> [What you are asked to do]:
From the first line of the material to the line containing "服务多元:汇聚多种债务处理服", inclusive, write out each line exactly, leaving out the pictures.

> [Dataset excerpt]:
........
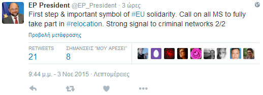 «Πρώτο βήμα και σημαντικό σύμβολο της Ευρωπαϊκής αλληλεγγύης. Κάλεσμα σε όλα τα μέλη-κράτη να συμμετέχουν στην μετεγκατάσταση. Ισχυρό μήνυμα προς εγκληματικά κυκλώματα».
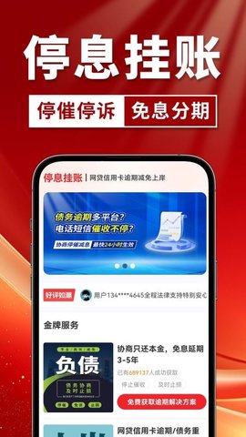 服务多元:汇聚多种债务处理服务类型,全面满足不同负债用户的多样化需求,让用户享受更贴心的服务体验。
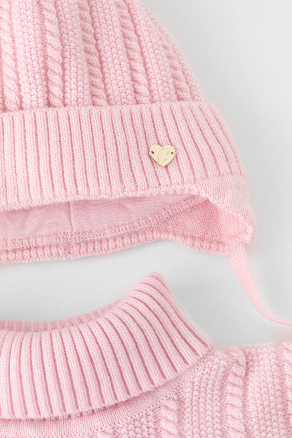 Комплект для девочки: шапка и манишка из полушерстяной пряжи. Шапка на завязках с синтепоновым утеплителем. Подклад из натурального хлопка. Полностью закрывает голову, уши и шею, защищая ребёнка от холодного воздуха и ветра. На макушке помпон. Манишка с высоким воротником с эластичным отворотом.
........
> [Exercise result]:
 «Πρώτο βήμα και σημαντικό σύμβολο της Ευρωπαϊκής αλληλεγγύης. Κάλεσμα σε όλα τα μέλη-κράτη να συμμετέχουν στην μετεγκατάσταση. Ισχυρό μήνυμα προς εγκληματικά κυκλώματα».
 服务多元:汇聚多种债务处理服务类型,全面满足不同负债用户的多样化需求,让用户享受更贴心的服务体验。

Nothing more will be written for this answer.